**Input data**:
# # # # #
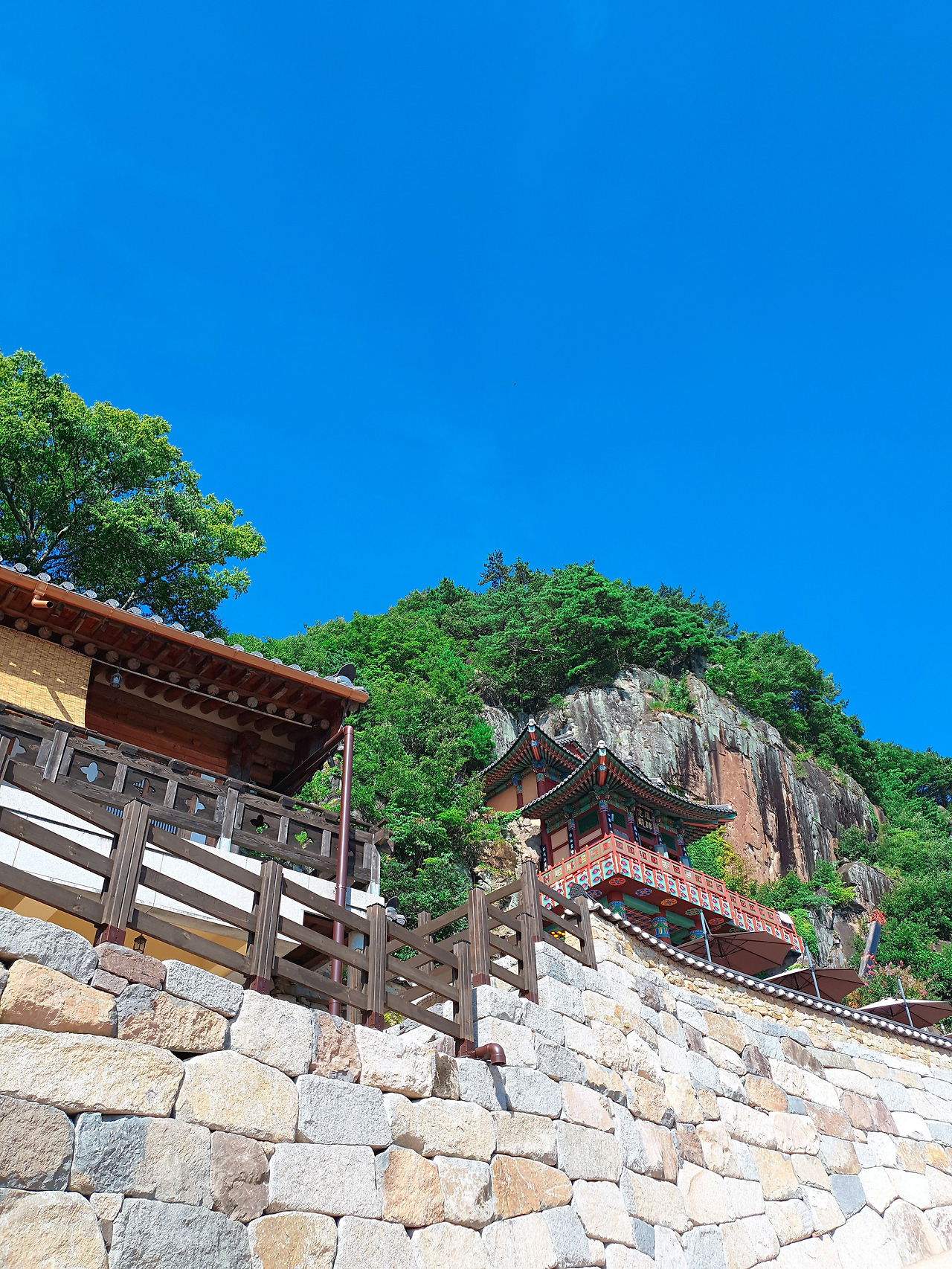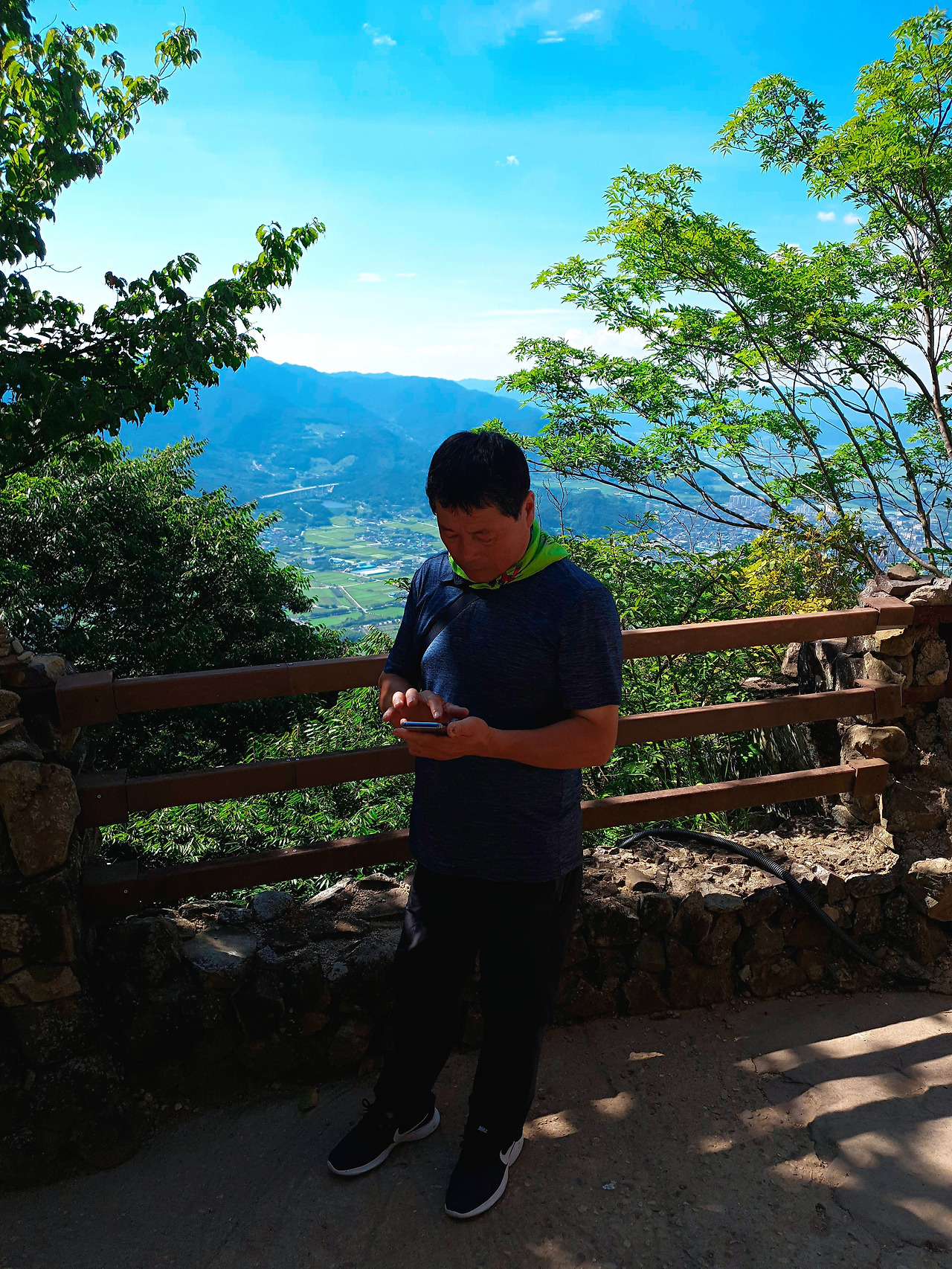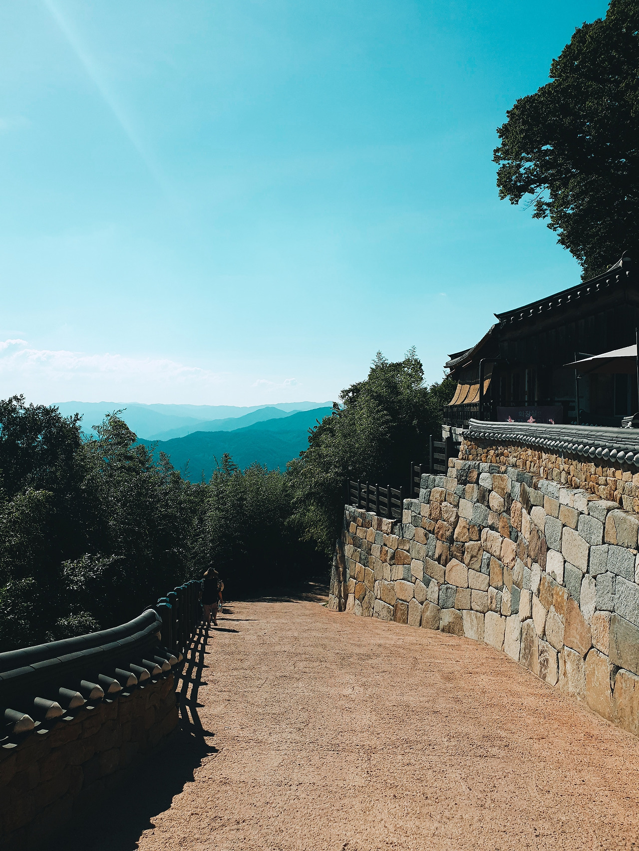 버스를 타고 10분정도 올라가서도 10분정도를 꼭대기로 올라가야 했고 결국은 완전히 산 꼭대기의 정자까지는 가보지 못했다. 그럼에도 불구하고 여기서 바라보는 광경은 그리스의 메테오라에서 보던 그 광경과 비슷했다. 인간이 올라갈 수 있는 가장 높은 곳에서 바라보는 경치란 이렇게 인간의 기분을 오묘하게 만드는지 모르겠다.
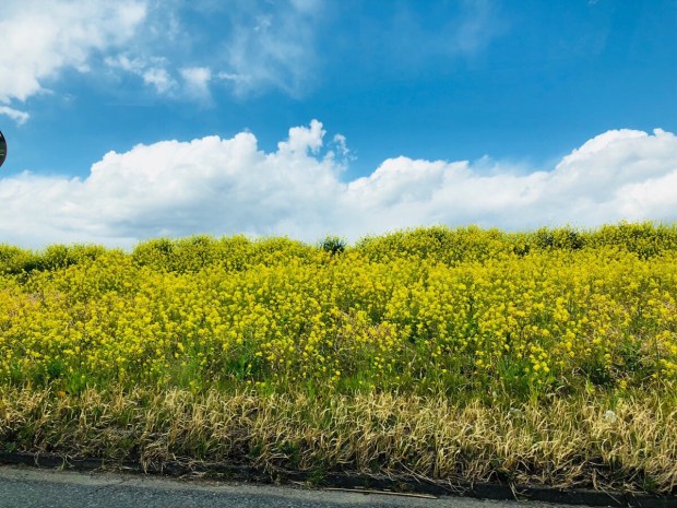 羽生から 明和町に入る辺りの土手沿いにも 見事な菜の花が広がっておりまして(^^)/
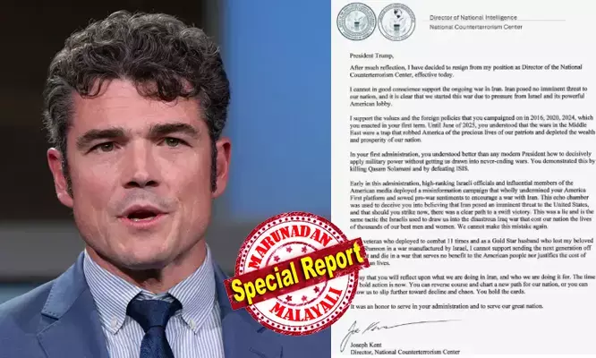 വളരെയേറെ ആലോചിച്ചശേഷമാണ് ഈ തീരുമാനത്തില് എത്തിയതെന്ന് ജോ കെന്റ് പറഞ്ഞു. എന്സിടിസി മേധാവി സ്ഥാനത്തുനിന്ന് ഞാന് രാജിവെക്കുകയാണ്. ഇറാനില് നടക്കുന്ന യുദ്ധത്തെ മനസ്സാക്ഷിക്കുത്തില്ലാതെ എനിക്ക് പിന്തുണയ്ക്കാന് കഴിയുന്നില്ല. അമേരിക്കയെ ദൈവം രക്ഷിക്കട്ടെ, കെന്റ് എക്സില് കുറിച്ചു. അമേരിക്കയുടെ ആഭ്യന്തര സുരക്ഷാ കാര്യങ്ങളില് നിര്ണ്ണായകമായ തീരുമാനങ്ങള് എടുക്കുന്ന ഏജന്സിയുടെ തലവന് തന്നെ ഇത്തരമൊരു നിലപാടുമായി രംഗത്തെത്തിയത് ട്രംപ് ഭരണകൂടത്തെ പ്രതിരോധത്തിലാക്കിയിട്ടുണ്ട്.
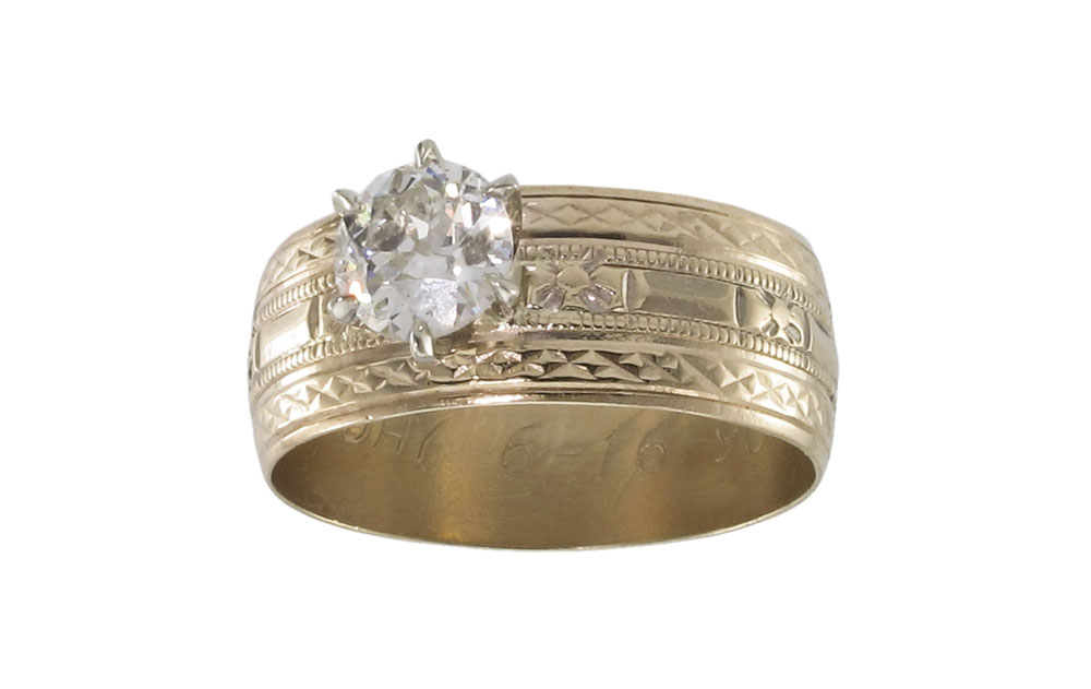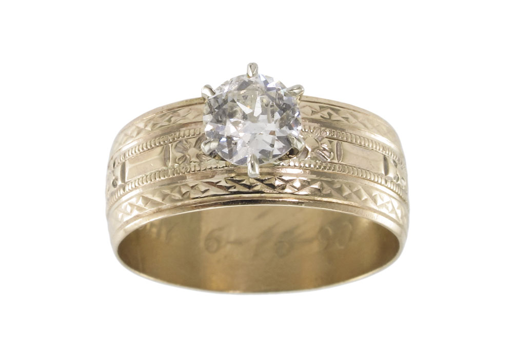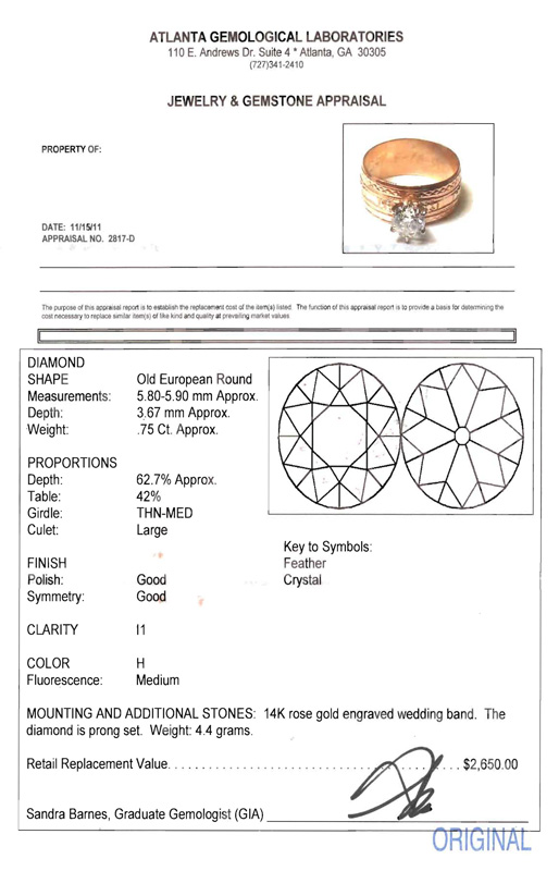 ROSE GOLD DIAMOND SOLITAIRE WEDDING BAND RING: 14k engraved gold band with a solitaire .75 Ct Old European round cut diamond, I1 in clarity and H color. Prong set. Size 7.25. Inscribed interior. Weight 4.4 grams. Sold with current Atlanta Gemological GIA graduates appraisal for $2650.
# # # # #
**Assignment**: Range to copy from the listing above: the line containing "羽生から 明和町に入る辺りの土手沿いにも 見事な菜の花が広がっておりまして(^^)/" down to the line containing "വളരെയേറെ ആലോചിച്ചശേഷമാണ് ഈ", both included. Reproduce it exactly, minus the pictures, and add nothing.

**Task result**:
 羽生から 明和町に入る辺りの土手沿いにも 見事な菜の花が広がっておりまして(^^)/
 വളരെയേറെ ആലോചിച്ചശേഷമാണ് ഈ തീരുമാനത്തില് എത്തിയതെന്ന് ജോ കെന്റ് പറഞ്ഞു. എന്സിടിസി മേധാവി സ്ഥാനത്തുനിന്ന് ഞാന് രാജിവെക്കുകയാണ്. ഇറാനില് നടക്കുന്ന യുദ്ധത്തെ മനസ്സാക്ഷിക്കുത്തില്ലാതെ എനിക്ക് പിന്തുണയ്ക്കാന് കഴിയുന്നില്ല. അമേരിക്കയെ ദൈവം രക്ഷിക്കട്ടെ, കെന്റ് എക്സില് കുറിച്ചു. അമേരിക്കയുടെ ആഭ്യന്തര സുരക്ഷാ കാര്യങ്ങളില് നിര്ണ്ണായകമായ തീരുമാനങ്ങള് എടുക്കുന്ന ഏജന്സിയുടെ തലവന് തന്നെ ഇത്തരമൊരു നിലപാടുമായി രംഗത്തെത്തിയത് ട്രംപ് ഭരണകൂടത്തെ പ്രതിരോധത്തിലാക്കിയിട്ടുണ്ട്.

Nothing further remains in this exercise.